= Exercise =
Exclude any images and output the remaining records exactly.

*** Extracted material ***

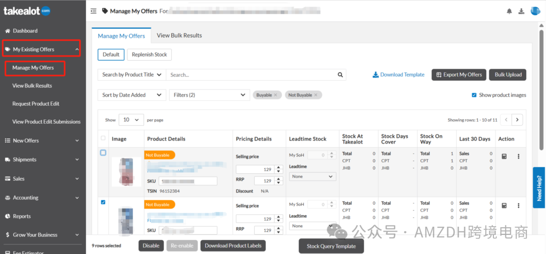 产品成功上传后台后,可在Dashboard-MyExistingOffers-Manage my Offers页面查看
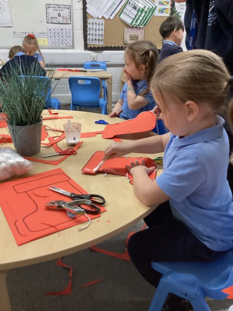 As part of DT week, we have been developing our cutting skills. We made snips in both paper and card, talking about how much trickier it is to cut the card than the paper. We made sure our hands were in the right place.
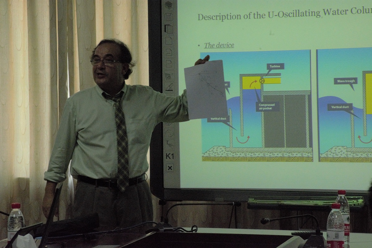 马庆芬副院长对Pol D. Spanos教授的到来表示欢迎,并用英文从历史沿革、师资结构、学生培养、对外交流与合作、科学研究等方面介绍PA视讯集团网站。随后,Spanos教授对非线性随机振动分析理论进行了深入的剖析,细致地介绍了非线性随机振动分析技术在机械工程、航天工程、车辆工程、控制工程、材料工程等领域的应用前景,尤其以振荡水柱岸式波浪能发电系统中波浪能采集的结构参数优化为例,具体介绍了该项技术的应用过程和效果。讲座中Prof.Pol D.Spanos儒雅的气度,严谨的论证,风趣的语言激发了师生们的兴趣,参会师生踊跃提问,与Spanos教授开展了热烈的互动与讨论,学术交流气氛活跃。
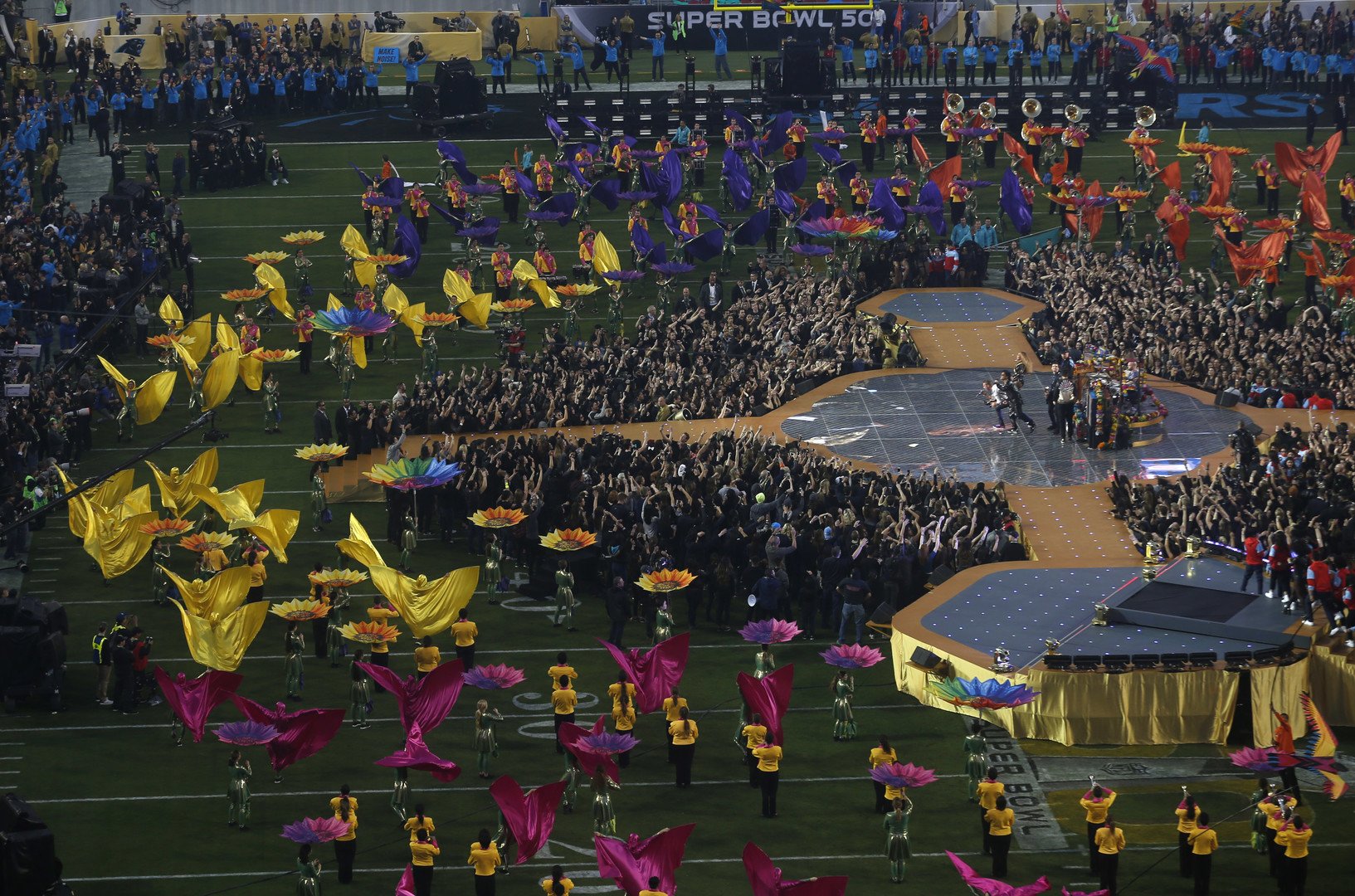 وكانت المغنية بيونسيه والمغني برونو مارس وفريق كولدبلاي الغنائي هم من شارك في الاستعراض الغنائي بين شوطي المباراة النهائية في العام الماضي.
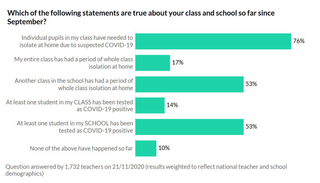 With more positive vaccination news this week, it feels like we are so close and yet so far from normal life. So close, because hopefully students will be able to come to school as normal in 2021. So far, because more teachers and students than ever before are at home. A massive 11% of you in Yorkshire and the North East said you were isolating at home last week on Tuesday. (The North West is the only part of the country where things seem to be getting much better.)
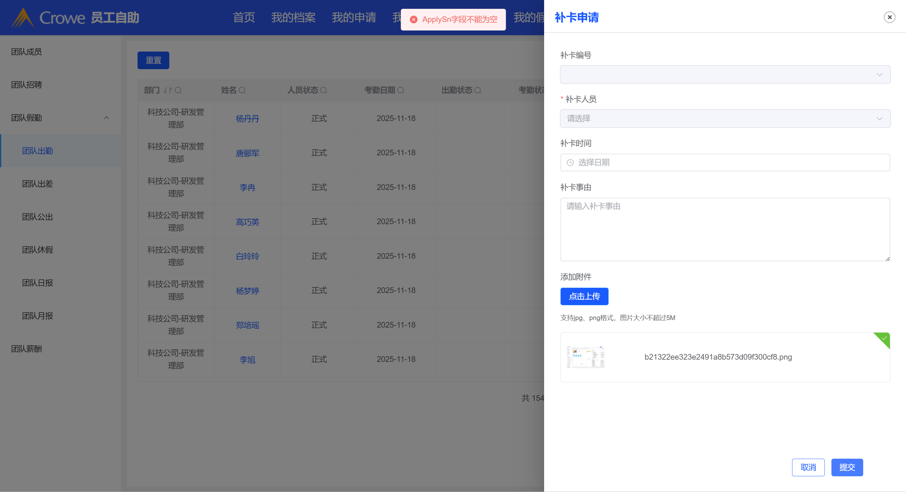 员工自助-团队出勤补卡提交完成后,表单未初始化

*** End of Extracted material ***

= Answer space =
 产品成功上传后台后,可在Dashboard-MyExistingOffers-Manage my Offers页面查看
 As part of DT week, we have been developing our cutting skills. We made snips in both paper and card, talking about how much trickier it is to cut the card than the paper. We made sure our hands were in the right place.
 马庆芬副院长对Pol D. Spanos教授的到来表示欢迎,并用英文从历史沿革、师资结构、学生培养、对外交流与合作、科学研究等方面介绍PA视讯集团网站。随后,Spanos教授对非线性随机振动分析理论进行了深入的剖析,细致地介绍了非线性随机振动分析技术在机械工程、航天工程、车辆工程、控制工程、材料工程等领域的应用前景,尤其以振荡水柱岸式波浪能发电系统中波浪能采集的结构参数优化为例,具体介绍了该项技术的应用过程和效果。讲座中Prof.Pol D.Spanos儒雅的气度,严谨的论证,风趣的语言激发了师生们的兴趣,参会师生踊跃提问,与Spanos教授开展了热烈的互动与讨论,学术交流气氛活跃。
 وكانت المغنية بيونسيه والمغني برونو مارس وفريق كولدبلاي الغنائي هم من شارك في الاستعراض الغنائي بين شوطي المباراة النهائية في العام الماضي.
 With more positive vaccination news this week, it feels like we are so close and yet so far from normal life. So close, because hopefully students will be able to come to school as normal in 2021. So far, because more teachers and students than ever before are at home. A massive 11% of you in Yorkshire and the North East said you were isolating at home last week on Tuesday. (The North West is the only part of the country where things seem to be getting much better.)
 员工自助-团队出勤补卡提交完成后,表单未初始化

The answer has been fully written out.